For Course on Legislative Ethics and Codes of Conduct
Unit 1
Question 1. Ethics reforms were originally adopted:
- By the public sector;
- By the NGOs;
- By the companies operating in countries where the labor market is regulated;
- By the companies operating in countries in which the labor market is unregulated.
Question 2. Ethics reforms were introduced because:
- Workers were always on strike and companies were often under-performing;
- Trade unions were always antagonizing management;
- Governments forced companies to do so;
- Companies thought that this was the best way to protect their reputation and preserve their competitiveness on the global markets.

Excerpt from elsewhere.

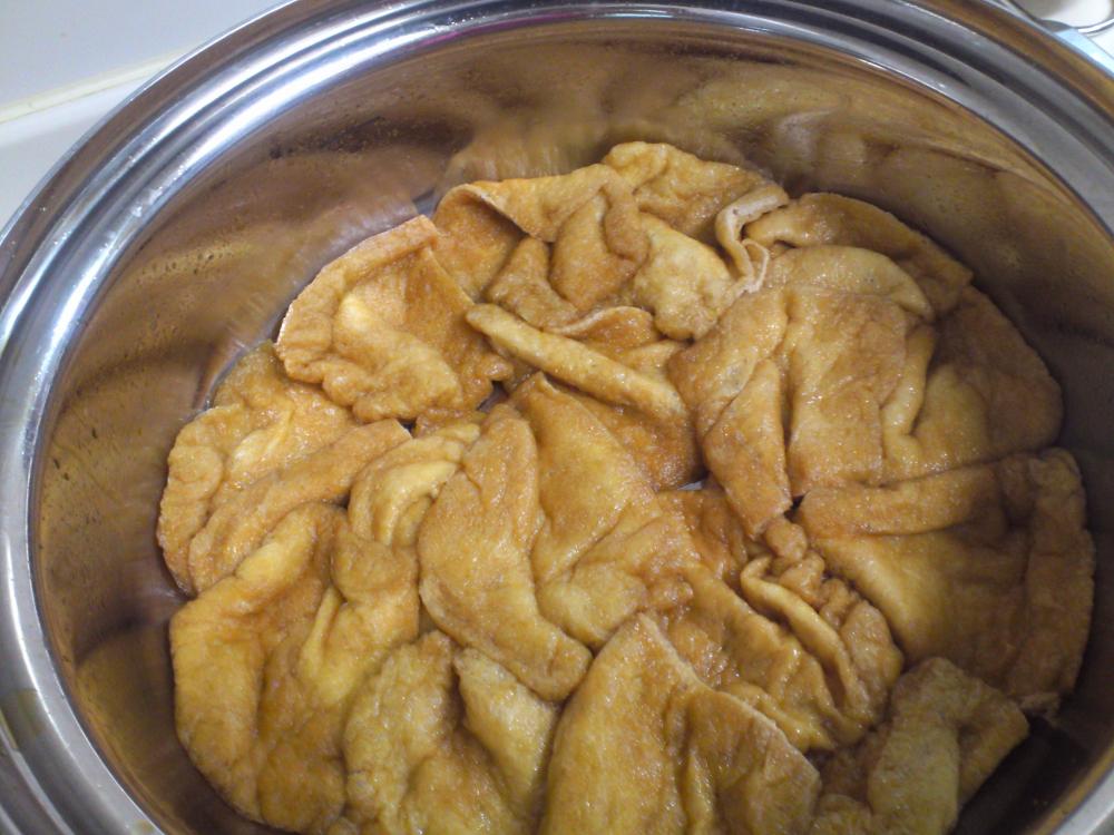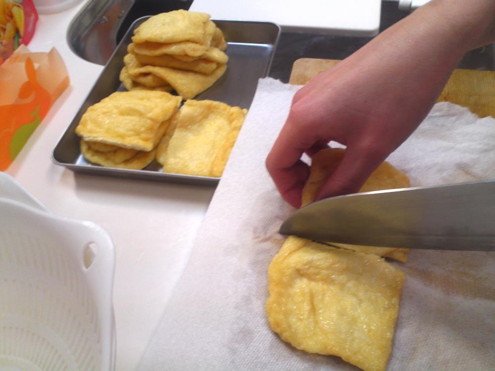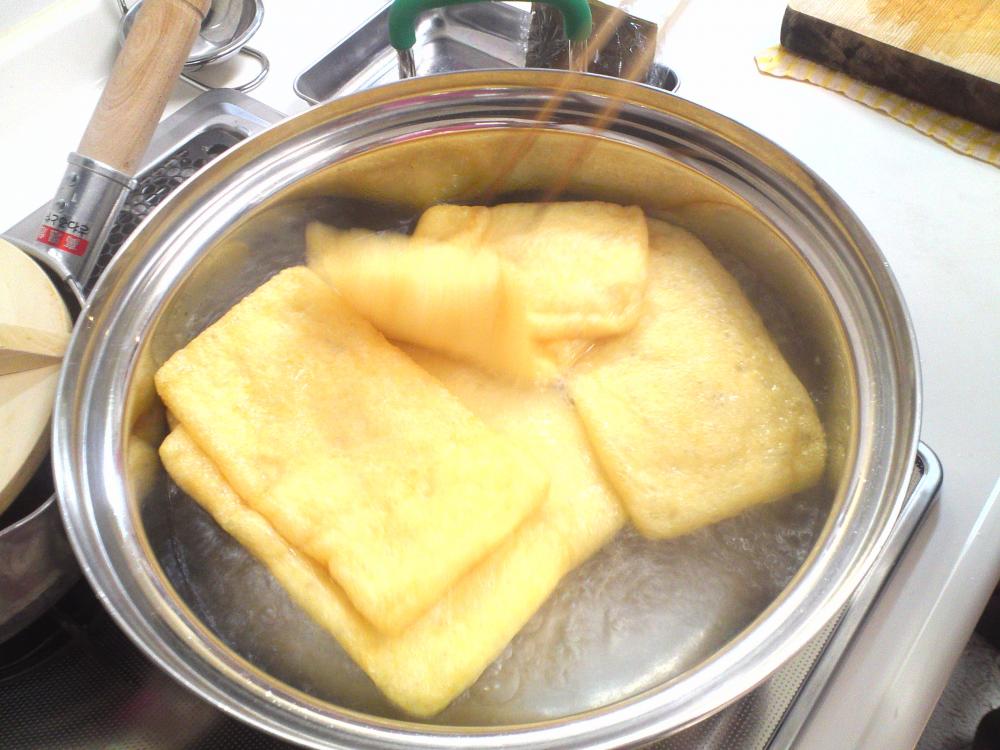 ![]() 鍋に湯を沸かし(油揚げがかぶる程度)②の油揚げを1分ゆがきザルにあげる。

Question 3. The establishment of ethics regimes requires:
- Lowering the costs of labor to preserve companies’ competitiveness on the markets;
- Governments’ support in the form of state subsidies for the unemployed and the underemployed;
- Monitoring agencies that certify whether companies the standards that they had set for themselves;
- Monitoring agencies that establish the standards by which companies should be evaluated.
Unit 3
Question 1. The public sector became sensitive to ethics concerns because:
- The economy had gone global;
- The public sector wants to be as efficient as private sector;
- Government officials are naturally inclined to increase bureaucratic rules and regulations;
- The public’s trust in the government had dramatically declined.